- Records for processing -
____________________

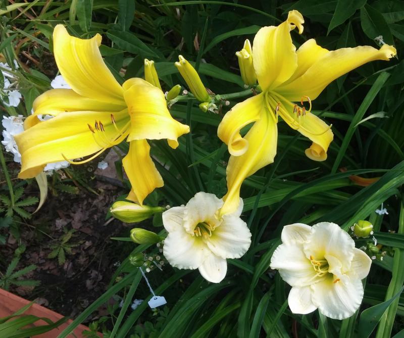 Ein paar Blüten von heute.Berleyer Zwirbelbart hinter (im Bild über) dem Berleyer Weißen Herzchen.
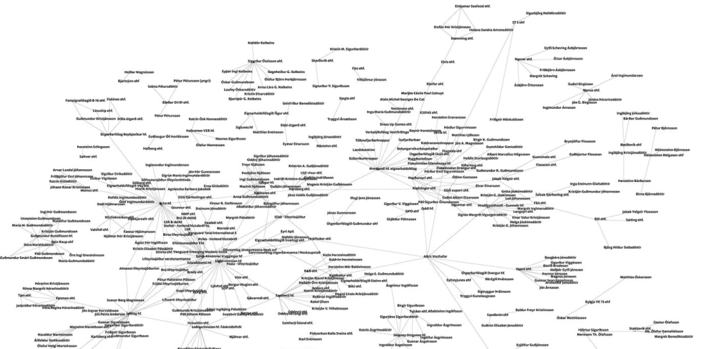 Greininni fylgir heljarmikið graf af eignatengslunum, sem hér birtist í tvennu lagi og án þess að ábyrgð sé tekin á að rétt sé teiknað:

____________________

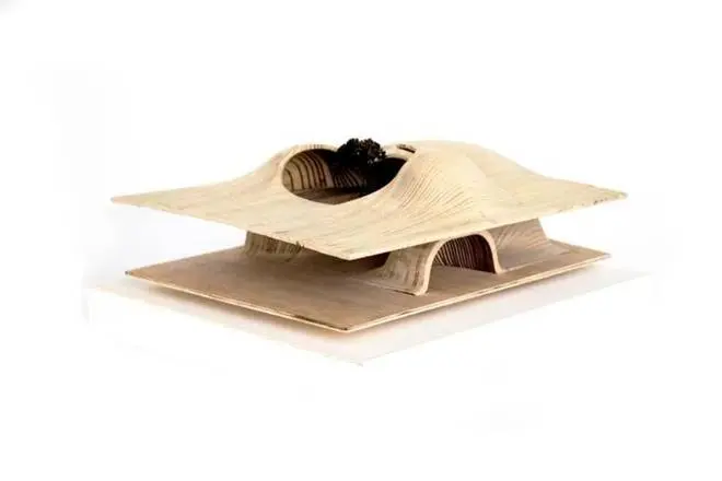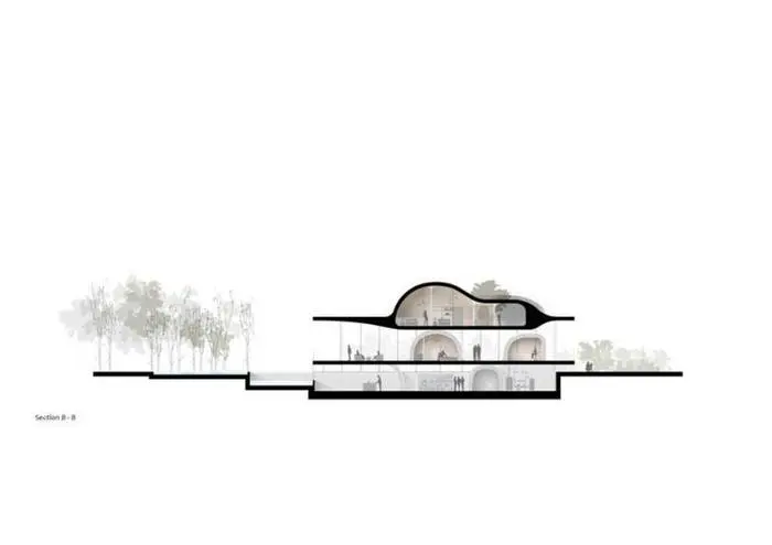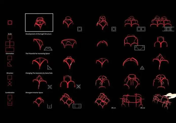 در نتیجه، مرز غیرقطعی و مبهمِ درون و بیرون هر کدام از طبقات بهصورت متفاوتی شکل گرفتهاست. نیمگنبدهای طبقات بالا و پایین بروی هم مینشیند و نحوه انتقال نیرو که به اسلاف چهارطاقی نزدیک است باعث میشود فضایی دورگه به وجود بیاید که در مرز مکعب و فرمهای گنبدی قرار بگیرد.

____________________

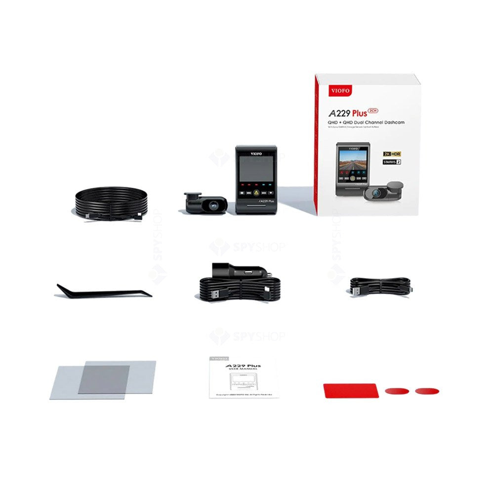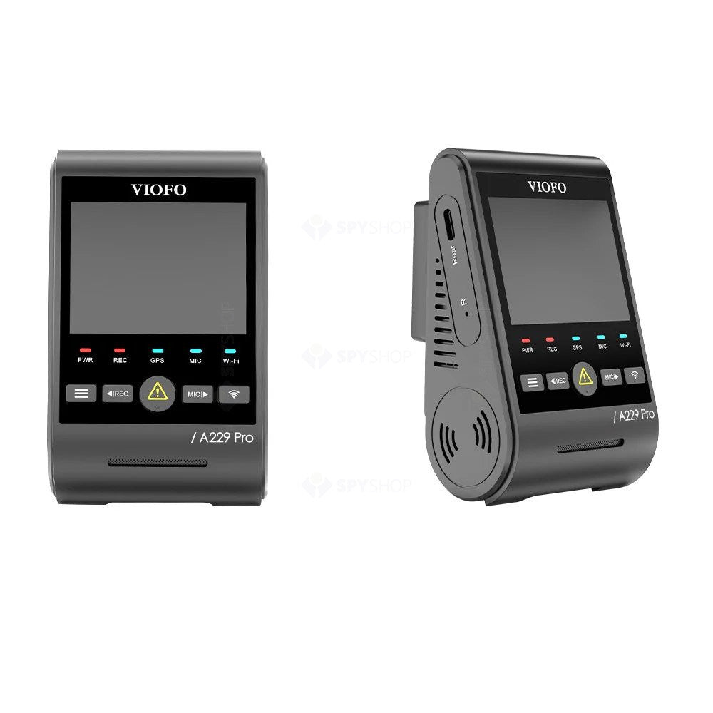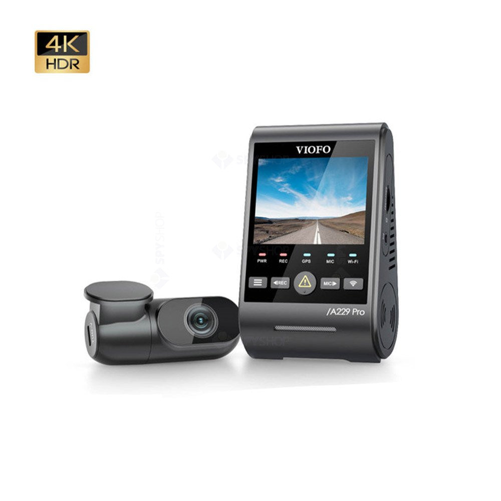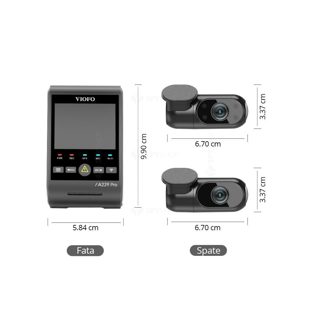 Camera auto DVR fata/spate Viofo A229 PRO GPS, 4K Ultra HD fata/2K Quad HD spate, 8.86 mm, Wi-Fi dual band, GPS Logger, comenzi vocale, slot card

____________________

Retype the lines above exactly as they appear, from the line containing "Ein paar Blüten" through the line containing "Greininni fylgir heljarmikið", and leave out any pictures.

 Ein paar Blüten von heute.Berleyer Zwirbelbart hinter (im Bild über) dem Berleyer Weißen Herzchen.
 Greininni fylgir heljarmikið graf af eignatengslunum, sem hér birtist í tvennu lagi og án þess að ábyrgð sé tekin á að rétt sé teiknað:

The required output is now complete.